Question and visualize metrics in CloudWatch
Full the next steps to question and visualize metrics on the CloudWatch console:
- On the CloudWatch console, select All metrics within the navigation pane.
- Beneath Customized namespaces, select Glue.
- Select Observability Metrics (or Observability Metrics Per Supply, or Observability Metrics Per Sink).
- Seek for and choose the precise metric identify, job identify, job run ID, and observability group.
- On the Graphed metrics tab, configure your most popular statistic, interval, and so forth.
Question metrics utilizing the AWS CLI
Full the next steps for querying utilizing the AWS CLI (for this instance, we question the employee utilization metric):
- Create a metric definition JSON file (present your AWS Glue job identify and job run ID):
- Run the
get-metric-data
command:
Create a CloudWatch alarm
You’ll be able to create static threshold-based alarms for the totally different metrics. For directions, check with Create a CloudWatch alarm based mostly on a static threshold.
For instance, for skewness, you’ll be able to set an alarm for skewness.stage
with a threshold of 1.0, and skewness.job
with a threshold of 0.5. This threshold is only a advice; you’ll be able to modify the edge based mostly in your particular use case (for instance, some jobs are anticipated to be skewed and it’s not a problem to be alarmed for). Our advice is to guage the metric values of your job runs for a while earlier than qualifying the anomalous values and configuring the thresholds to alarm.

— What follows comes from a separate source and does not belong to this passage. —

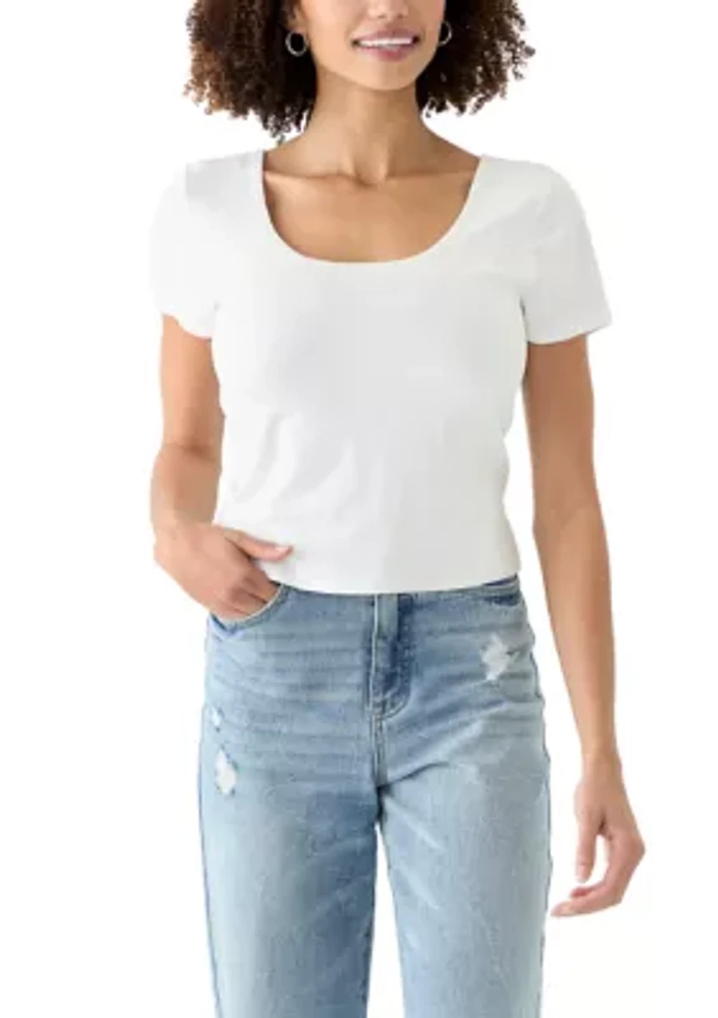 This jersey t-shirt will pair perfectly with your best bottoms, shoes, and accessories. Pullover Scoop neck Short sleeves Unlined Imported Product Specifications 20" L Material & Care Polyester, spandex Hand wash

Different enhanced metrics
For a full checklist of different enhanced metrics accessible with AWS Glue jobs, check with Monitoring with AWS Glue Observability metrics. These metrics can help you seize the operational insights of your jobs, similar to useful resource utilization (reminiscence and disk), normalized error courses similar to compilation and syntax, consumer or service errors, and throughput for every supply or sink (information, information, partitions, and bytes learn or written).
Job observability dashboards
You’ll be able to additional simplify observability on your AWS Glue jobs utilizing dashboards for the perception metrics that allow real-time monitoring utilizing Amazon Managed Grafana, and allow visualization and evaluation of tendencies with Amazon QuickSight.
Conclusion
This publish demonstrated how the brand new enhanced CloudWatch metrics allow you to monitor and debug AWS Glue jobs. With these enhanced metrics, you’ll be able to extra simply establish and troubleshoot points in actual time. This leads to AWS Glue jobs that have greater uptime, quicker processing, and diminished expenditures. The top profit for you is simpler and optimized AWS Glue for Apache Spark workloads. The metrics can be found in all AWS Glue supported Areas. Test it out!
In regards to the Authors
Noritaka Sekiyama is a Principal Huge Knowledge Architect on the AWS Glue group. He’s liable for constructing software program artifacts to assist prospects. In his spare time, he enjoys biking together with his new street bike.
Shenoda Guirguis is a Senior Software program Improvement Engineer on the AWS Glue group. His ardour is in constructing scalable and distributed Knowledge Infrastructure/Processing Techniques. When he will get an opportunity, Shenoda enjoys studying and enjoying soccer.
Sean Ma is a Principal Product Supervisor on the AWS Glue group. He has an 18+ yr monitor file of innovating and delivering enterprise merchandise that unlock the facility of knowledge for customers. Outdoors of labor, Sean enjoys scuba diving and school soccer.
Mohit Saxena is a Senior Software program Improvement Supervisor on the AWS Glue group. His group focuses on constructing distributed programs to allow prospects with interactive and easy to make use of interfaces to effectively handle and rework petabytes of knowledge seamlessly throughout knowledge lakes on Amazon S3, databases and data-warehouses on cloud.